### EXERCISE BRIEF
Repeat exactly the lines running from the first line of the data to the line containing "2025 HAMILTON SKATING CLUB AGM AGENDA", both ends included, and nothing else; drop the pictures.

### DATA
━━━━━━━━━━━━━━━━━━━━━━━━━━━━━━

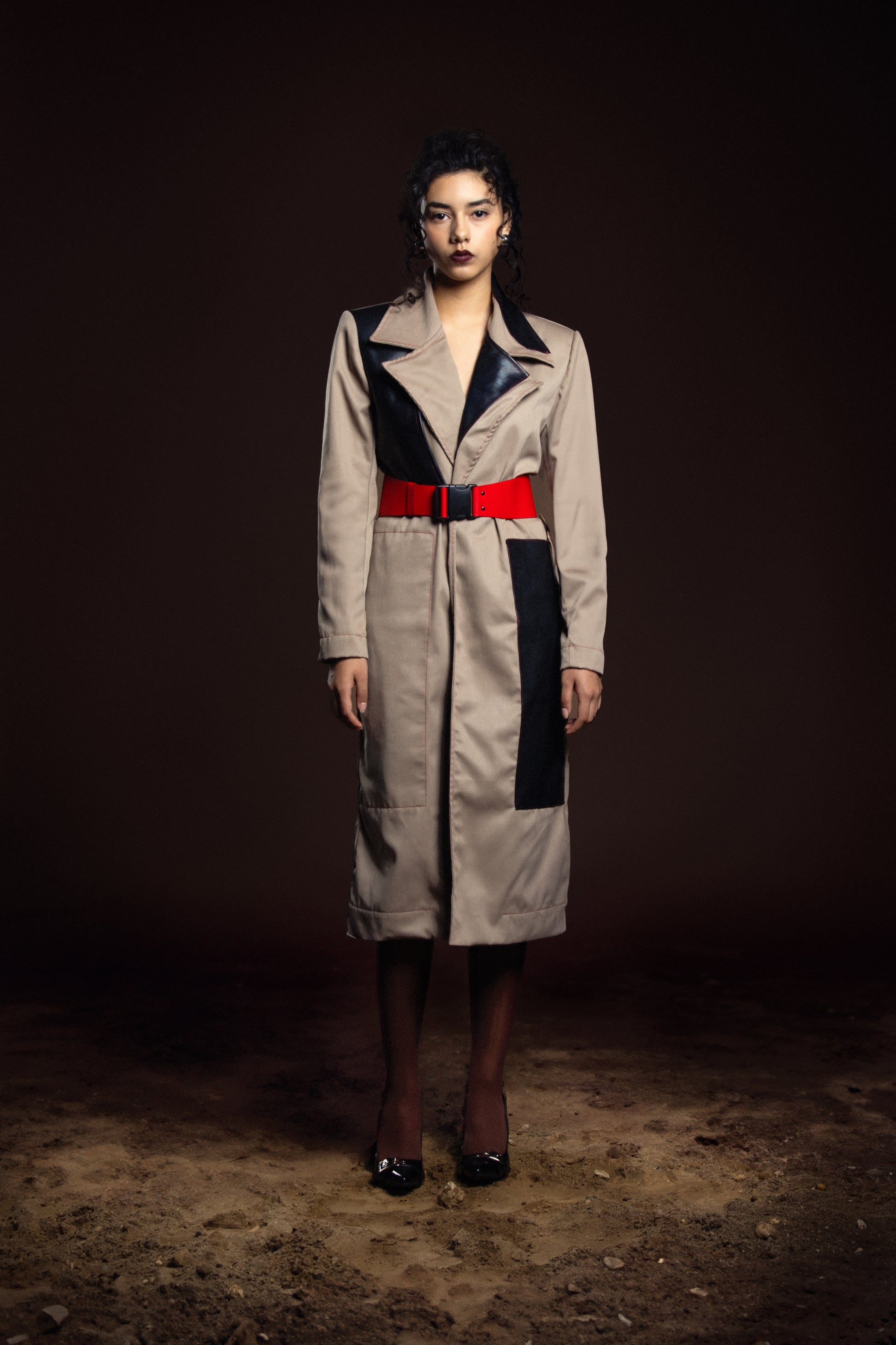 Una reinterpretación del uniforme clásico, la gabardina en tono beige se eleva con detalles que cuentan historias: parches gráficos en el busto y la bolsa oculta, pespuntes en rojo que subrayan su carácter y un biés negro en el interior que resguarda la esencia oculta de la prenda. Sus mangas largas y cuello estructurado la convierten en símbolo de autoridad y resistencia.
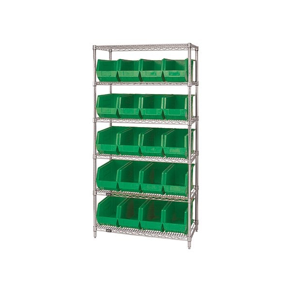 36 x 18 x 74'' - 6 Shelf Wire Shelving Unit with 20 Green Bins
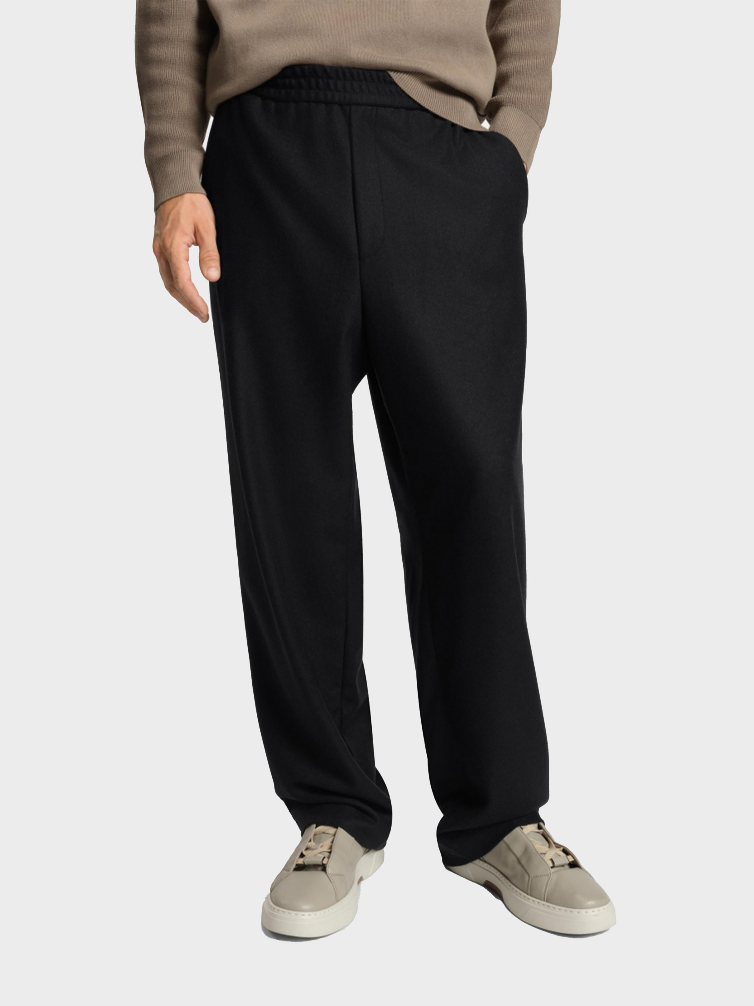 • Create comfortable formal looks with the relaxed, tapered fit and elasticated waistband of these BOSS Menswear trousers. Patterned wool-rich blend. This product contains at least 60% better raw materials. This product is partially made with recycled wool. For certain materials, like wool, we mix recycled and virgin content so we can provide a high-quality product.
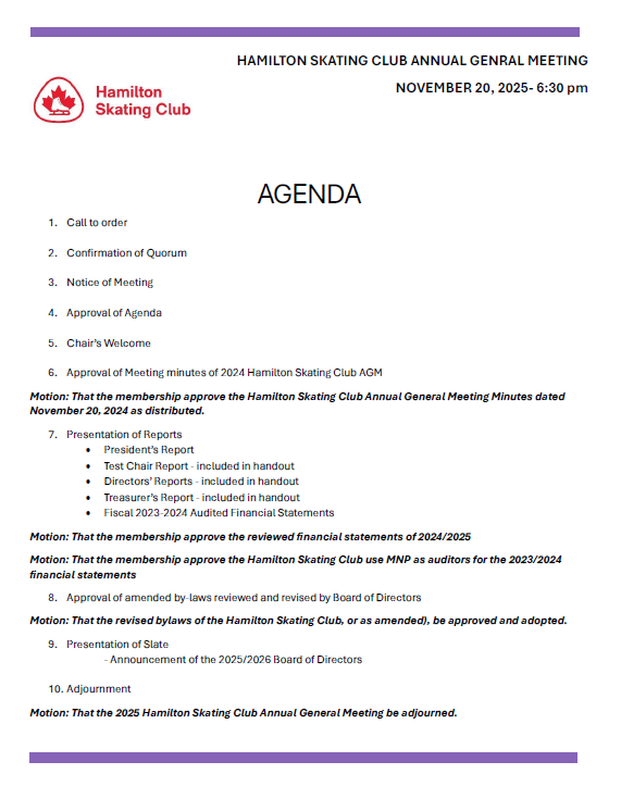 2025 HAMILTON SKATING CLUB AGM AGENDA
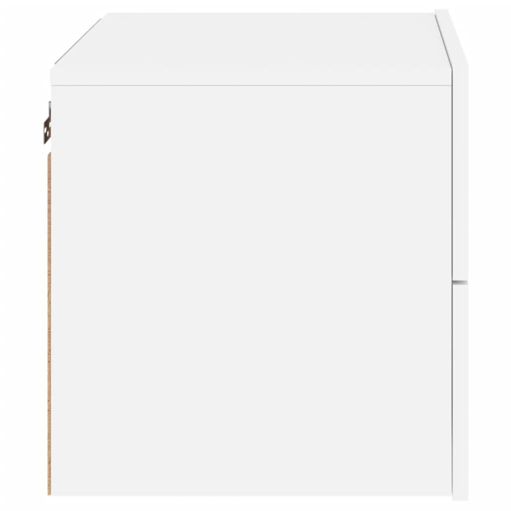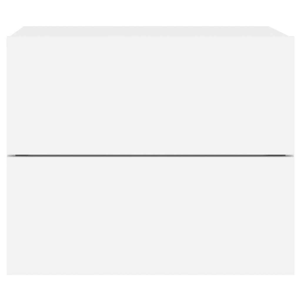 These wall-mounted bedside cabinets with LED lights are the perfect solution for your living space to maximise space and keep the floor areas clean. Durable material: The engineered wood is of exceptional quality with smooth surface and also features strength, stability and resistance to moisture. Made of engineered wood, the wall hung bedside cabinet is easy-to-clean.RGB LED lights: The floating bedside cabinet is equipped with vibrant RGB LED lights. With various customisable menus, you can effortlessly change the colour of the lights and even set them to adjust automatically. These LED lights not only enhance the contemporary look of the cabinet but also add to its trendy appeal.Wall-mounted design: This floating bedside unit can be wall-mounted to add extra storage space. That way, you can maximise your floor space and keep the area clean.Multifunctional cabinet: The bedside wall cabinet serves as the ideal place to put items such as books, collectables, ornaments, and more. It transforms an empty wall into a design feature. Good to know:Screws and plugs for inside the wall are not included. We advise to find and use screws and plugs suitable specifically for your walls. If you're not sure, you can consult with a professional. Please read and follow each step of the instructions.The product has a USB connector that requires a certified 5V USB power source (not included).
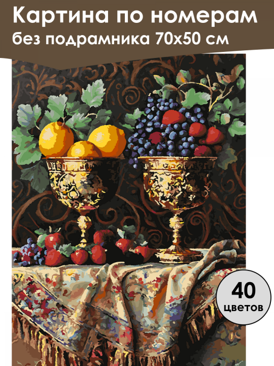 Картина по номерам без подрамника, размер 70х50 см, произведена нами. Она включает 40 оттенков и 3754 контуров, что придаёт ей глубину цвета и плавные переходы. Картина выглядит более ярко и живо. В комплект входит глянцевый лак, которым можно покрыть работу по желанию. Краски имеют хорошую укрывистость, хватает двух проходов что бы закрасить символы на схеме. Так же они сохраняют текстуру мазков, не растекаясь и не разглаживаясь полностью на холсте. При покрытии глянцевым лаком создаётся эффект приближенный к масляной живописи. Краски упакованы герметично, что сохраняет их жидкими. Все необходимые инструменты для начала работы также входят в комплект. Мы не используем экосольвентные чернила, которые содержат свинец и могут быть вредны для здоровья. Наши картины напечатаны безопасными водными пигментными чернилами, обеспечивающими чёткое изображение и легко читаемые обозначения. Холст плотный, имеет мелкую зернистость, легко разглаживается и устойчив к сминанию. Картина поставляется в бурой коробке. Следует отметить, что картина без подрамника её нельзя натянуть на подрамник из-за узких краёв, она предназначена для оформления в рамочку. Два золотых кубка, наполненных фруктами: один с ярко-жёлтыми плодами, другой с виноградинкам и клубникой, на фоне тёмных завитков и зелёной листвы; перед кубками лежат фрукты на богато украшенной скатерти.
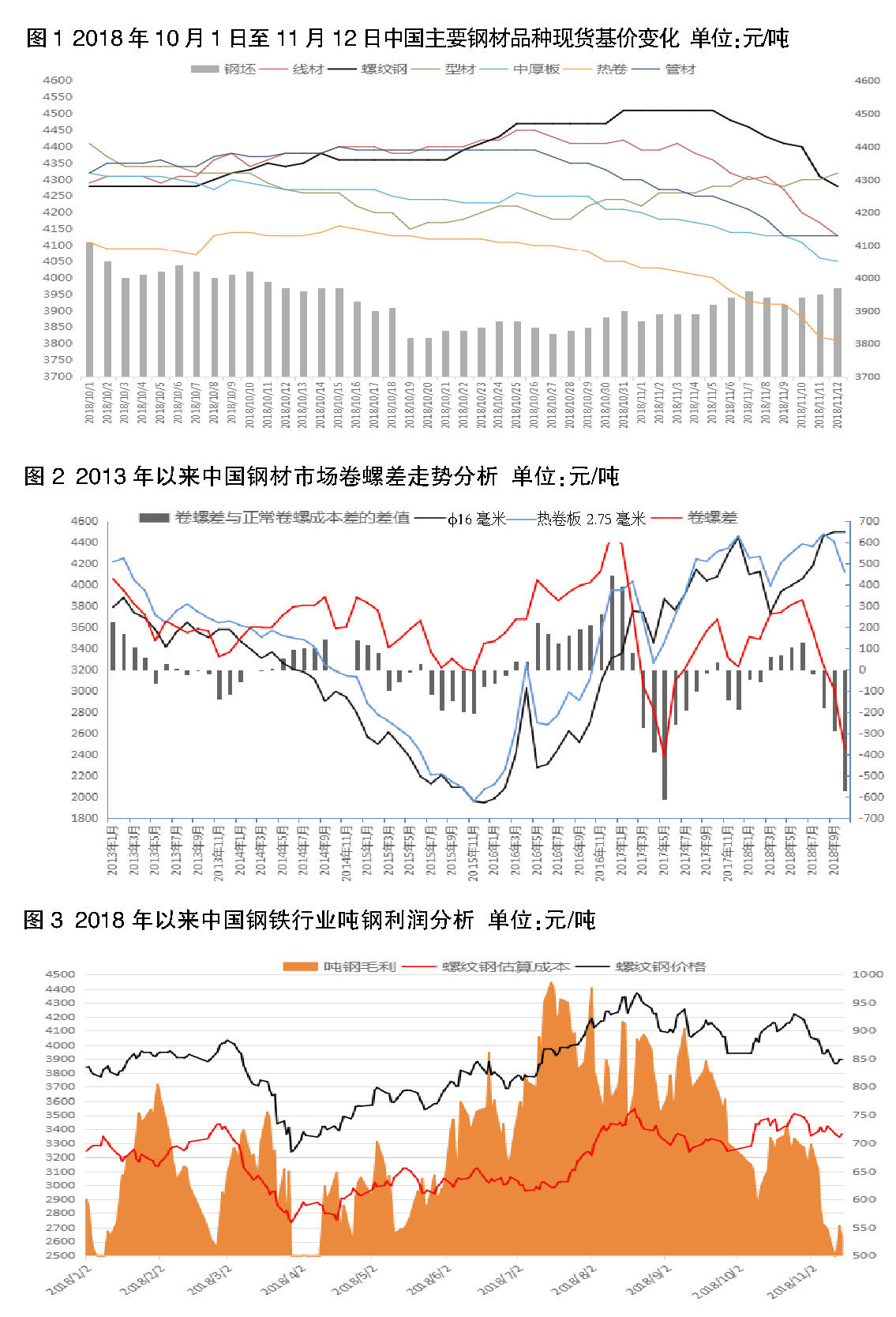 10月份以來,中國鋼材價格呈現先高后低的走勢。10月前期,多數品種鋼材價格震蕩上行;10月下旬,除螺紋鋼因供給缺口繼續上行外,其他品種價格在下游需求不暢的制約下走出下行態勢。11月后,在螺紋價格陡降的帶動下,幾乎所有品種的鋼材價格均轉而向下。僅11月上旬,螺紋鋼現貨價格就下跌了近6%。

━━━━━━━━━━━━━━━━━━━━━━━━━━━━━━

### ANSWER TO THIS PROBLEM
 Una reinterpretación del uniforme clásico, la gabardina en tono beige se eleva con detalles que cuentan historias: parches gráficos en el busto y la bolsa oculta, pespuntes en rojo que subrayan su carácter y un biés negro en el interior que resguarda la esencia oculta de la prenda. Sus mangas largas y cuello estructurado la convierten en símbolo de autoridad y resistencia.
 36 x 18 x 74'' - 6 Shelf Wire Shelving Unit with 20 Green Bins
 • Create comfortable formal looks with the relaxed, tapered fit and elasticated waistband of these BOSS Menswear trousers. Patterned wool-rich blend. This product contains at least 60% better raw materials. This product is partially made with recycled wool. For certain materials, like wool, we mix recycled and virgin content so we can provide a high-quality product.
 2025 HAMILTON SKATING CLUB AGM AGENDA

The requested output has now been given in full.